Breakdown of Puer os aperit, et medica dentes eius spectat.
Questions & Answers about Puer os aperit, et medica dentes eius spectat.
Where is the word for the or a?
Latin has no articles, so there is no separate word for the or a/an.
So:
- puer can mean the boy or a boy
- medica can mean the female doctor or a female doctor
Context tells you which is natural in English.
Why isn’t there a word for his in puer os aperit?
Latin often omits a possessive when it is obvious, especially with body parts or very close personal belongings.
So puer os aperit literally says the boy opens [the] mouth, but the natural sense is the boy opens his mouth.
If Latin wanted to make the possession explicit, it could do so, but here it is unnecessary.
What case is puer, and why?
Puer is nominative singular. It is the subject of aperit, the one doing the action.
Dictionary form:
- puer, pueri = boy
This is a second-declension masculine noun, one of the -er nouns.
What does the -t ending mean in aperit and spectat?
The -t ending means third person singular in the present tense:
- aperit = he opens / she opens / it opens
- spectat = he looks at / she looks at / it looks at
Because the subjects are singular:
- puer → singular
- medica → singular
the verbs are singular too.
What case is os, and why doesn’t it look different from the subject form?
Here os is accusative singular, because it is the direct object of aperit.
The tricky part is that os is a neuter noun, and in Latin neuter nominative and accusative are always the same in form.
So:
- nominative singular: os
- accusative singular: os
That is why the form does not change.
This noun is:
- os, oris = mouth
Does os mean mouth here, not bone?
Yes, here it means mouth.
Latin actually has two different nouns spelled os in the nominative singular:
- os, oris = mouth
- os, ossis = bone
They are different words with different genitives.
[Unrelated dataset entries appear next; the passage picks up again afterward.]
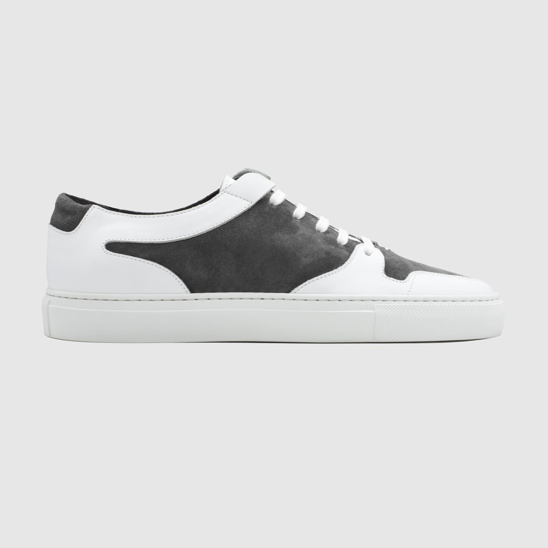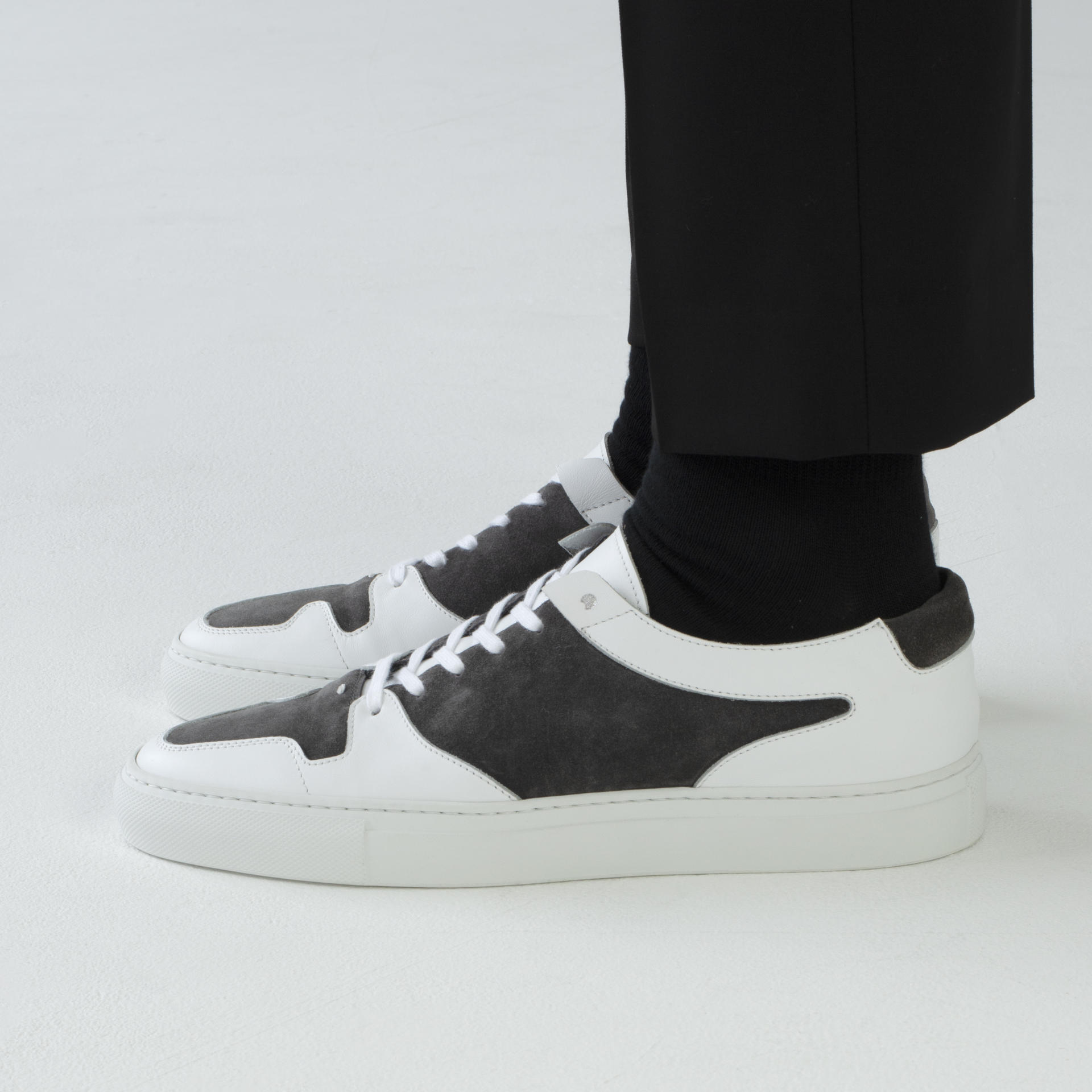 다크그레이 색상의 송아지 스웨이드 가죽 로우탑 스니커즈. 둥그런 신발 앞코. 신발 끈으로 조임처리. 여섯 개의 끈 구멍. 천연고무 아웃솔. 신발 갑피부분의 왼쪽 상단 가장자리에 은박 필름으로 로고 처리. 밑창과 송아지 가죽을 바느질로 이어 연결. 송아지 가죽으로 내부 처리. 가죽색상과 동일한 색상의 스티치. 굽 높이 3.5cm.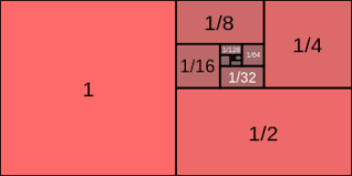 Una progresión geométrica decreciente e ilimitada es la que tiene infinitos términos cada vez más pequeños. Podemos representar a través del siguiente rectángulo.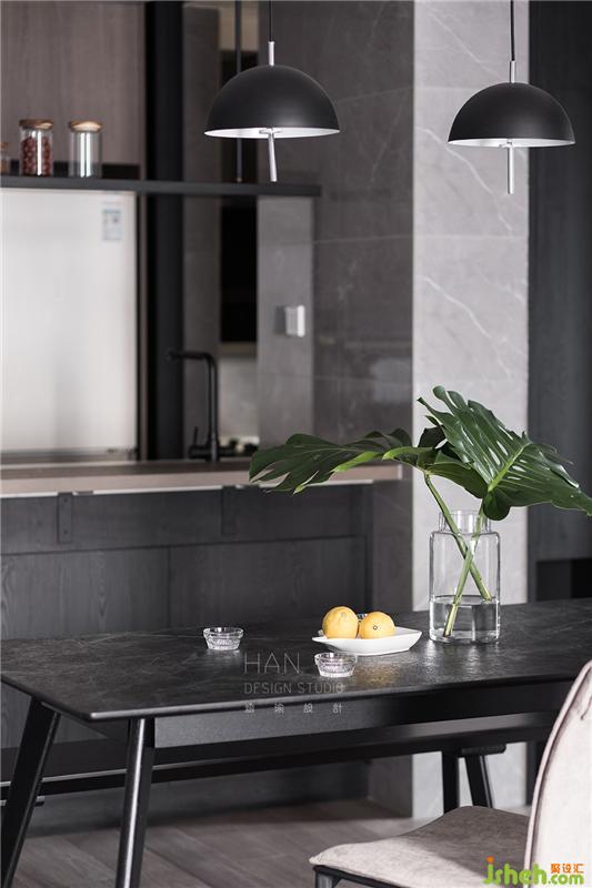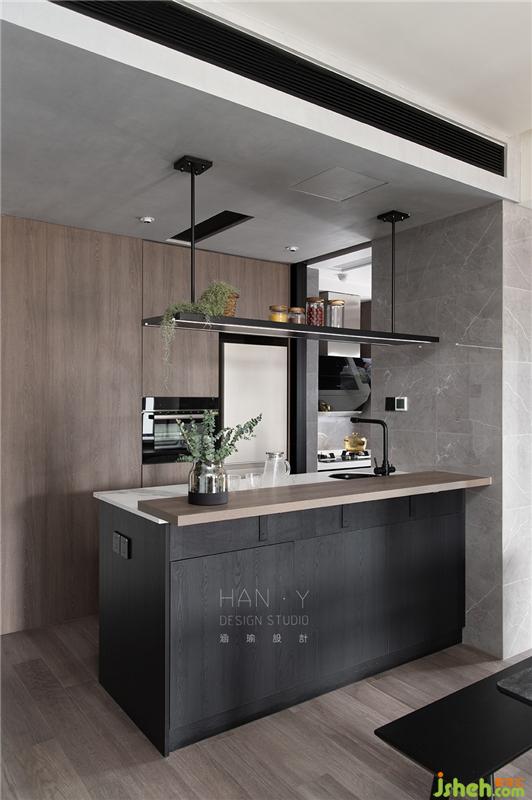 由于兩人都有喝咖啡的習(xí)慣,休閑時(shí)刻,男主會(huì)在島臺(tái)用咖啡機(jī)沖咖啡,女主則動(dòng)手做舒芙蕾松餅來(lái)進(jìn)行搭配。島臺(tái)上方設(shè)計(jì)的吊架,增添島臺(tái)的收納,也同時(shí)是操作時(shí)的照明燈。

In this sentence, the context makes mouth the only sensible meaning: the boy opens his mouth.
Why is it medica and not medicus?
Medica is the feminine nominative singular form, so it means a female doctor or woman doctor.
- medicus = male doctor
- medica = female doctor
Here it is being used as a noun, even though historically it is related to an adjective. Latin often does that.
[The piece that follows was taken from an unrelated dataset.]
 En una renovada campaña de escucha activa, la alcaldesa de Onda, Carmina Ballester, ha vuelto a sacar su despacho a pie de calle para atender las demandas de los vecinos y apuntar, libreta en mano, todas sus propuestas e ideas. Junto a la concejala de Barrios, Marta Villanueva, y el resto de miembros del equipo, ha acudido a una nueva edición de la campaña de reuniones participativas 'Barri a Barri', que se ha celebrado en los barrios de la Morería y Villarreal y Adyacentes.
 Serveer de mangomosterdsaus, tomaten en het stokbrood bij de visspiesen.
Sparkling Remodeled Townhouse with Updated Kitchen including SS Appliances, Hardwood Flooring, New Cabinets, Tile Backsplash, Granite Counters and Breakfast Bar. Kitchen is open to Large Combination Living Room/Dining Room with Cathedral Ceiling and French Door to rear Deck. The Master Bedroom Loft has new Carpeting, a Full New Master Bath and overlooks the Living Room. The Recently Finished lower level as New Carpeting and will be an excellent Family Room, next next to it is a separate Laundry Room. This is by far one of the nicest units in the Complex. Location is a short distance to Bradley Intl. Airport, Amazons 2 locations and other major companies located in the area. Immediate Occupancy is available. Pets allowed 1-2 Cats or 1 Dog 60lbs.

What case are dentes and eius?
- dentes is accusative plural
- eius is genitive singular
Why?
dentes
It is the direct object of spectat:
- the doctor looks at / examines the teeth
Dictionary form:
- dens, dentis = tooth
So:
- nominative singular: dens
- accusative plural: dentes
eius
This means his / her / its or more literally of him / of her / of it. It is in the genitive, because it shows possession:
- dentes eius = his teeth
Why is it eius instead of suos?
This is a very important Latin point.
Suus, sua, suum refers back to the subject of its own clause.
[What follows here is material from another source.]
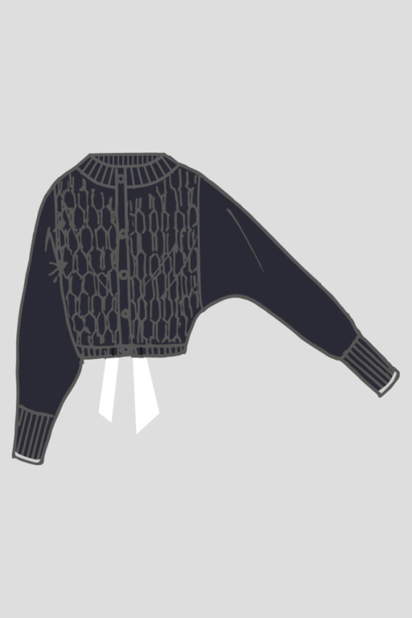 Pletena jakna Ricarda od mešavine kašmira i svile dobija svoju privlačnost zbog svoje luksuzne izvedbe. Blago spuštena ramena, fine kontrastne pruge na manžetnama rukava i dijamantski pleteni patern na prednjoj strani su vrhunci dizajna. Dugmad osigurava klasičnu završnu obradu.

In the second clause, the subject is medica. So:
- medica dentes suos spectat would mean the doctor examines her own teeth
But that is not what is meant. The teeth belong to the boy, not to the doctor. So Latin uses:
- eius = his / her, referring to someone other than the subject of this clause
That is why eius is correct here.
Does spectat really mean examines?
Its basic meaning is looks at, watches, or observes.
But in context, especially with a doctor and teeth, English naturally says examines. So:
- spectat literally: looks at
- natural English here: examines
This is very common in translation: the Latin word may be simpler than the most natural English wording.
How does the word order work in this sentence?
The word order here is fairly straightforward, but Latin word order is generally more flexible than English word order because the endings show what each word is doing.
This sentence is:
- Puer os aperit
- et medica dentes eius spectat
That is roughly:
- subject – object – verb
- and subject – object – possessive – verb
Latin often likes to put the verb near the end, as it does here, but it does not have to.
Because the cases already show the grammar, Latin can move words around for emphasis more easily than English can.